На лице Егорки курчавилась редкая бороденка.
Было ему не больше двадцати, и Виктор не мог долго смотреть в его светлые, какие-то детские глаза — все казалось, что и его вина есть в беде парня. Гнусная, сучья вина накликавшего, накаркавшего, подтолкнувшего к катастрофе.
Иногда Егор брал у него что-нибудь почитать. Правда, ему почти ничего из библиотеки Виктора не нравилось — все было то тяжелым, то занудным. Коваль разве что да Дюма пришлись ему по душе. "Легко после них, — обмолвился он как-то. — Не снится ничего".
Одет Егор был в непременные камуфляжные штаны и обтрепанный бушлат с донельзя черными рукавами — пачкались, когда крутил колеса кресла, и уже не отстирывались. Уши красные, стрижка под "ноль".
Виктор отвел взгляд.
Сунув ноги в резиновые тапки, с деньгами в кармане ватника он вышел к Елохе, ковыряющему траур из-под ногтей.
— На.
— Ух ты! — обрадовался Елоха, сжав купюры в кулаке. — Ну, я побег? А завтра, Палыч, ты знаешь, завтра я у тебя.
Он застегнул пиджачок на пуговицы.
— Соболю помоги, — кивнул Виктора на еле выгребающего из грязи Егора.
— Это — пожалуйста, — повеселевший Елоха взял "под козырек". — Слушаюсь, Виктор Палыч!
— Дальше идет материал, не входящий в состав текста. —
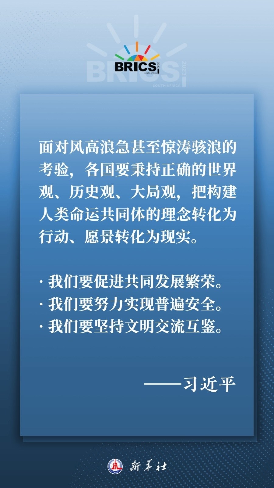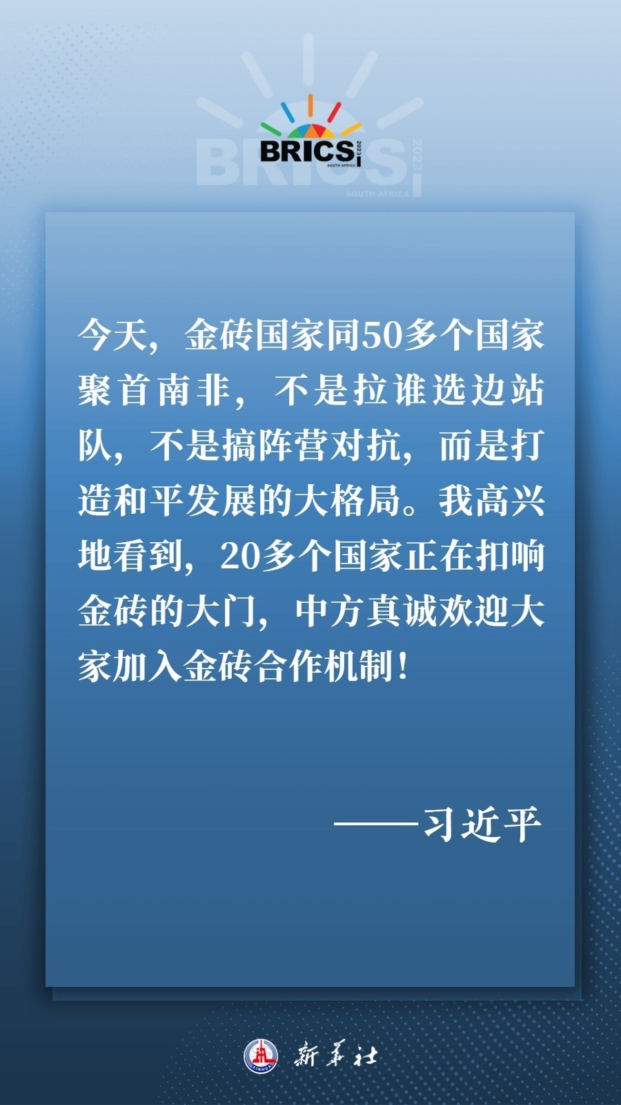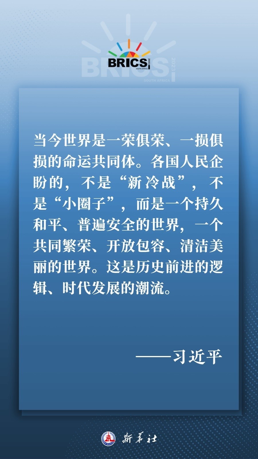 當?shù)貢r間8月22日下午,國家主席習近平向約翰內(nèi)斯堡金磚國家工商論壇閉幕式發(fā)表致辭,為各國深化團結合作、應對風險挑戰(zhàn)、共建更加美好的世界指明方向——

И пошлепал к инвалиду напрямки, сначала утонул сапогом в колее, затем героически его вытащил, затем, измызгав полы пиджачка, все же выбрался на твердое и схватился за ручку-перекладину у спинки коляски.
— Куда тебя, Егорка?
— В…опу! — ответил ему Соболев.
— А че? Отвезу!
— Ну и вези!
Виктор уже почти вернулся в дом, когда из-за Шаркуновского сарая вынесло Егоркину мать — куртка накинута на ночнушку, ноги голые.
— Куда? — завопила она, махнув зажатой в кулаке тряпкой. — Я вам дам!
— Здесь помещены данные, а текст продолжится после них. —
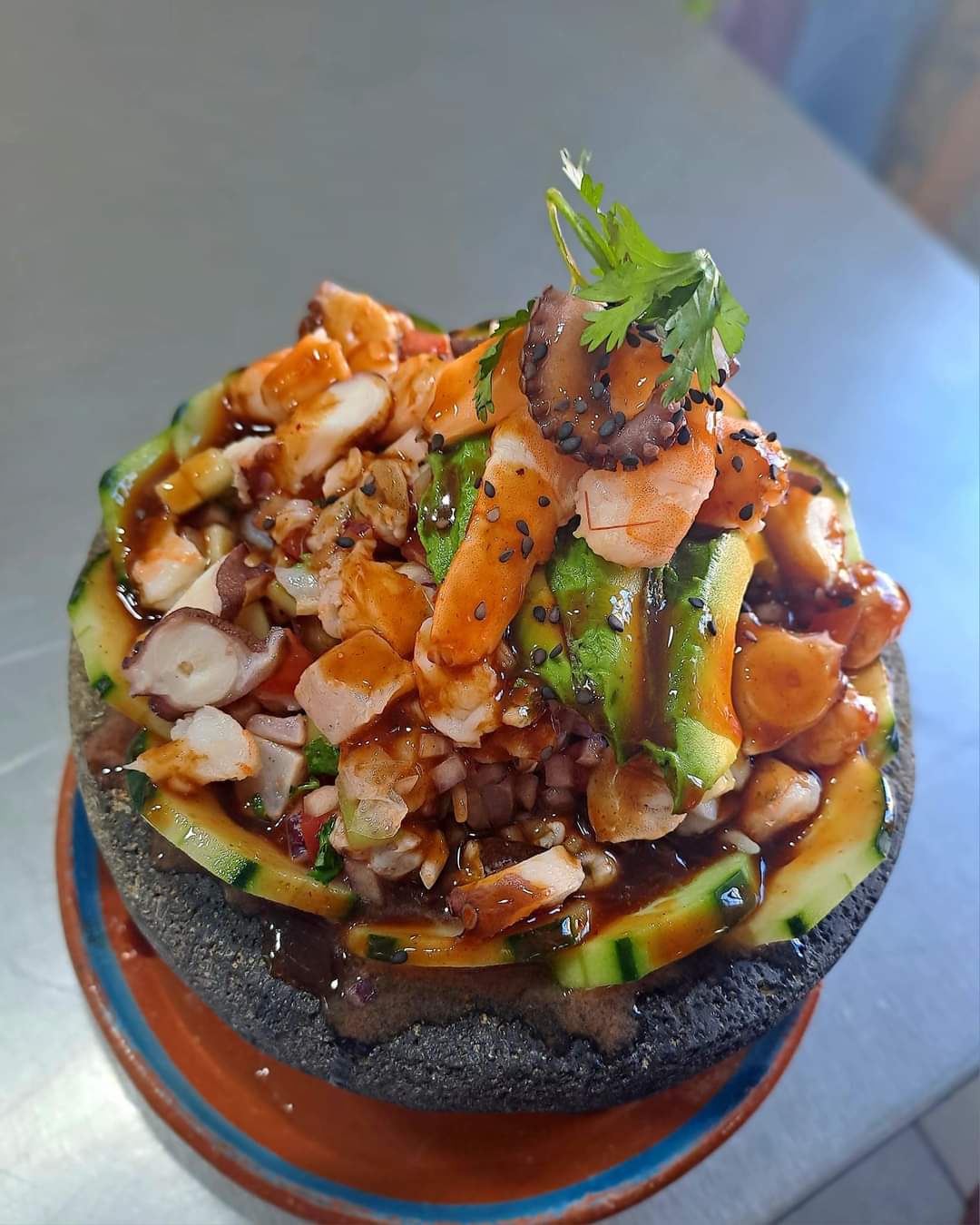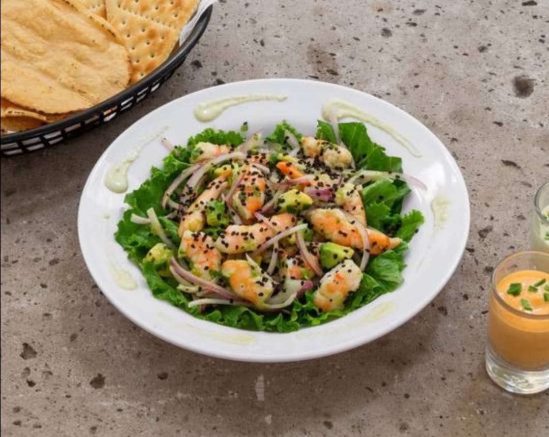Con camarón fresco recién cocido, mezclado con cubitos de aguacate, cebolla blanca y morada, lechuga fresca, pepino, aderezo verde y un toque de aceite de oliva y ajonjolí negro incluye tostadas galletas aderezo de cilantro y salsa.

— Газуй! — сказал Егорка Елохе.
Елоха заржал конем и, высоко вскидывая колени, — рот до ушей — завихлял коляской по мокрой глине. Виктор с тревогой подумал: опрокинутся ведь, идиоты.
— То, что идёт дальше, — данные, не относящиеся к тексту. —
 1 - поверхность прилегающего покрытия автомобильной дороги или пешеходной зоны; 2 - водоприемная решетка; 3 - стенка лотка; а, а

— У-ху! — взмахнул руками Егор. — Давай вторую!
— Момент!
Елоха, оскальзываясь, принялся набирать скорость.
Когда Егоркина мать поравнялась с застывшим на крыльце Виктором, коляска уже скрылась за поворотом к магазину.
— Виктор Палыч, ну вы посмотрите — ну ни стыда, ни совести!
От бега на щеках Лидии расцвели красные пятна.
У нее было крупное, не лишенное привлекательности лицо. Прямой нос. Четко очерченные губы. Большие глаза. Глаза, правда, глядели уж слишком мягко, податливо, беззлобно. Безотказно глядели они, по-коровьему. Вам можно, говорили они. И ему можно. Всем можно. Я — ласковая.
Одно время Лидия ходила к Виктору, то ли испытывая, то ли наоборот, желая соблазнить, но от его заторможенности дело далеко не пошло, и между ними установились странные, почти родственные отношения. Она рассказывала ему о Егорке, о его ногах, о том, как она массирует их утром и вечером, разгоняя кровь ("Рубцы белые с синим, а книзу мяса совсем нет"), как он орет, как падает с кровати, как она прятала поначалу от него ножи и бритву, думала, полоснет себя, ее; смеялась над деревенскими мужиками, шастающими к ней по ночам ("А то ж кавалеры задрипанные! Надышат водкой в окошко — примешь, Лидия? А мне — что? Я уж после первенца — бездетная").
Виктор слушал, а пальцы зудели — записывай!
Только получалось все одно — умножение скорби. А где умножение радости? Не было радости в такой жизни.
Он запоздало понял, что стоит перед Лидией в трусах и попытался оттянуть фуфайку книзу.
— Ты, Лидия, это…
— Да видала я уж такого добра, — отмахнулась она. — Скажи, к магазину поехали?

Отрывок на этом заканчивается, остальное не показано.